Help problem with ram?

Associate
Joined
21 Sep 2008
Posts
8
I cant seem to install windows. Im trying to install windows xp but it blue screens. I used pc check(i think thats what the program is called) and it said their was a memory error. The Each stick of ram seems to work fine on their own but not together. T was told it was because the ram voltage was on automatic so i changed it to the amount provided on the stick but this still did nothing.

I have £69.99 x 1 - GeIL 4GB (2x2GB) PC2-8500C5 1066MHz Black Dragon EVO ONE DDR2 Dual Channel Kit (GE24GB1066C5DC)



£69.99 x 1 - GeIL 4GB (2x2GB) PC2-8500C5 1066MHz Black Dragon EVO ONE DDR2 Dual Channel Kit (GE24GB1066C5DC)
£15.99 x 1 - Pioneer DVR-216DBK 20x DVD±RW SATA Dual Layer ReWriter
£51.99 x 1 - Creative Sound Blaster X-Fi Xtreme Gamer 7.1 Sound Card - Retail
£179.99 x 1 - Dell S2409W 24" Widescreen True HD LCD Monitor - Black
£299.99 x 1 - Powercolor ATI Radeon HD 4870 X2 2048MB GDDR5 TV-OutDual DVIHDMI (PCI-Express) - Retail
£191.99 x 1 - Intel Core 2 Quad Q9550 LGA775 'Yorkfield' 2.83GHz 12MB-cache (1333FSB) Processor - Retail
£74.99 x 1 - Corsair TX 750W ATX2.2 SLI Compliant PSU
£114.99 x 1 - Asus P5Q Deluxe Intel P45 (Socket 775) PCI-Express DDR2 Motherboard
£57.99 x 1 - Samsung SpinPoint F1 750GB SATA-II 32MB Cache - OEM (HD753LJ)
£14.99 x 1 - Arctic Cooling Freezer 7 Pro CPU Cooler (Socket LGA775)


This is the rest of my setup
 
Is the system overclocked right now?
You can add a little more voltage to the Northbridge to add stability and even more juice to the RAM than the sticker says.
Finally, run memtest (it's free) and see what error are you getting.
The FSB of your processor is quad-pumped, meaning that by default it's clocked 333MHz.
I don't know what the auto settings set your RAM to.

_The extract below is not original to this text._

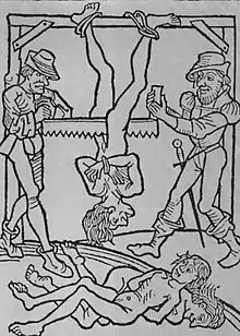 In only one case, the story about Simon the Zealot, the person is explicitly described as being hanged upside-down and sawn apart vertically through the middle, starting at the groin, with no mention of fastenings or support boards around the person, in the manner depicted in illustrations.[4] In other cases where details about the method beyond the mere sawing act are explicitly supplied, the condemned person was apparently fastened to either one or two boards prior to sawing.[3]

On normal RAM it sets it at DDR 800MHz, i.e. well below your rated speed.
Double check RAM setting, probably best to set the ratio to 1:1 for now.

Finally, despite you PSU being more than juicy enough, it might not be giving stable voltages. Is it a single rails design, or has it got multiple rails to attain the total 750W rating? IF so you might need to rearrange how things are connected to give more juice to the mobo. You can check the voltages in the BIOS, but multimeter is more reliable in my opinion.

Last but not least, check the temperatures, perhaps the thermal paste has not been applied correctly, causing the CPU to overheat and causing instability?
What's the northbridge temp?


Furthermore, you can install Windows on just one stick of RAM, backup the disk image and do some testing in windows.